ProClinical is partnering with a workforce management solution company to advertise a vacancy for a Remote Project Coordinator. This job, based in New Jersey, will be with one of the largest and most innovative business and talent strategy organisations in the world.
Job Responsibilities: Providing project management and leadership to Medical Operations staff. Coordinating the literature process, such as working with vendors in execution of literature searches, full-text ordering, and requesting translations. Actively partnering with cross-functional business partners, such as Medical Directors, Post Market Surveillance, Design Quality Engineers, R&D, and Regulatory Affairs related to the CER/Literature process. Collaborating with and supporting the Medical Operations Leadership team through the various processes. Maintaining and executing project management tools, such as Microsoft project plans and Lean Kit boards and actively communicating project milestones/task levels with writing staff and vendors. Ensuring that strategic plans for operation company CER/literature timelines are met and practices are being consistently deployed across the global organisation. Maintaining and monitoring metrics relevant to the Medical Operations team activities, such as CERs, Literature Searches, Literature Reviews, Compliance Activities, providing visibility of issues, and enabling corrective and preventive actions to be taken as needed. Maintaining a knowledge and access to applicable MD Quality systems to support the teams in document retrieval and routing of Medical Operations documents for approval. Providing support to the Leadership team during audits and inspections pertaining to CER processes and reports.

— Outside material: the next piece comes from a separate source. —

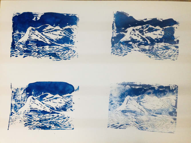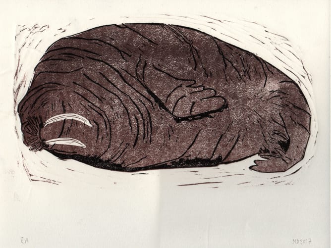 Ce sera en été 2019 ma deuxième participation à une résidence de MaréMotrice, et ma troisième visite de l’Arctique. Pour provoquer l’imprévu, je pars sans beaucoup de matériel spécifique pour travailler avec ce qu’il y a et ce qui arrive. Je dessine aussi pour documenter. S’imprégner de ces terres arides, des sons et des couleurs de la glace qui fond, du jour permanent et d’eau salée. Rendre le témoignage de ses rares habitant·es humain·es, des rennes, des morses, des baleines à bosses, des cochons sous-marins ou des crabes yeti. Je me forme d’abord comme décoratrice aux musées de Nyon puis travaille comme peintre et accessoiriste dans des théâtres. En 2003, j’entre à la HEAD ou je me forme en dessin, performance, film d’animation et vidéo. J’ouvre l’atelier cho! ucroute (dessins et film d’animation) à Nyon avant de partir en voyage à vélo juqu’en Mongolie et au Japon où je découvre la gravure sur bois traditionelle. A mon retour en 2012, je me forme à l’atelier de gravure Gegrave à Genève. Puis ouvre un an plus tard, avec le collectif Zone Hors Poussière, l’atelier du même nom, imprimerie artisanale et expérimentale à Agiez devenu depuis lors l’atelier des Mains sales à Orbe ou je pratique la gravure, la sérigarphie la typographie et le dessin.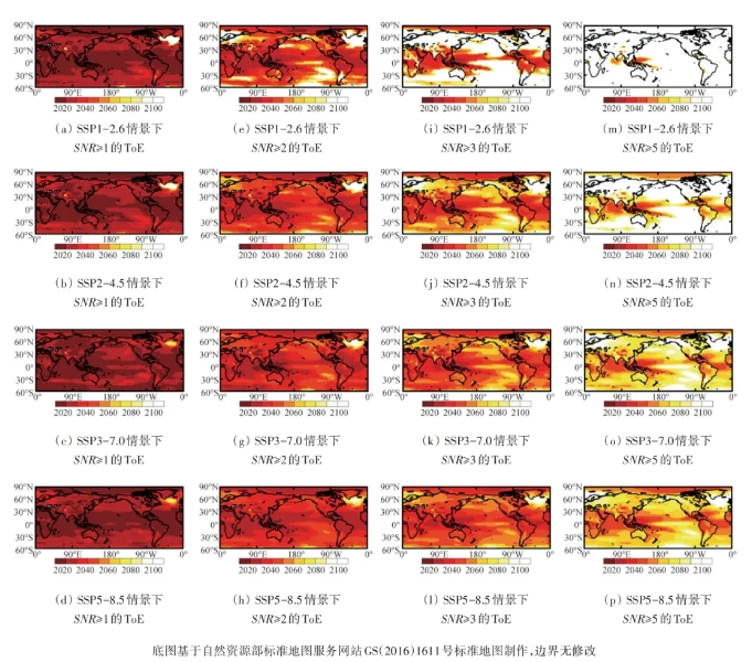 从空间分布来看,热带、北极地区以及中国西南地区和西北地区将更早地面对相同程度的气候变化风险(SNR值),并且随着SNR阈值的增大,超过时间(ToE)也将逐渐变晚。如图3所示。在高排放情景下,与其他区域相比,印度中北部、北大西洋以及欧洲北部地区在21世纪末才达到较高的SNR阈值(~3),这或许与这些地区独特的信号或噪音特征有关。

Skills and Requirements: A bachelor's degree in a technical discipline is required. At least three years of related job experience. Demonstrable knowledge and experience in project management principles and methodologies is required. Demonstrable experience within the medical device industry and knowledge of clinical evaluation report regulatory requirements, evidence generation, and Clinical Evaluation Report (CER) document creation is preferred. Capable of working independently, analysing, working with attention to detail, process and prioritise sensitive complex information, and solve problems. Demonstrable multitasking, project management, and execution skills. Good interpersonal skills, including communication, presentation, persuasion, and influence. Good organisational skills, including efficiency, punctuality, and collaboration in a team environment. Proficiency in MS Office.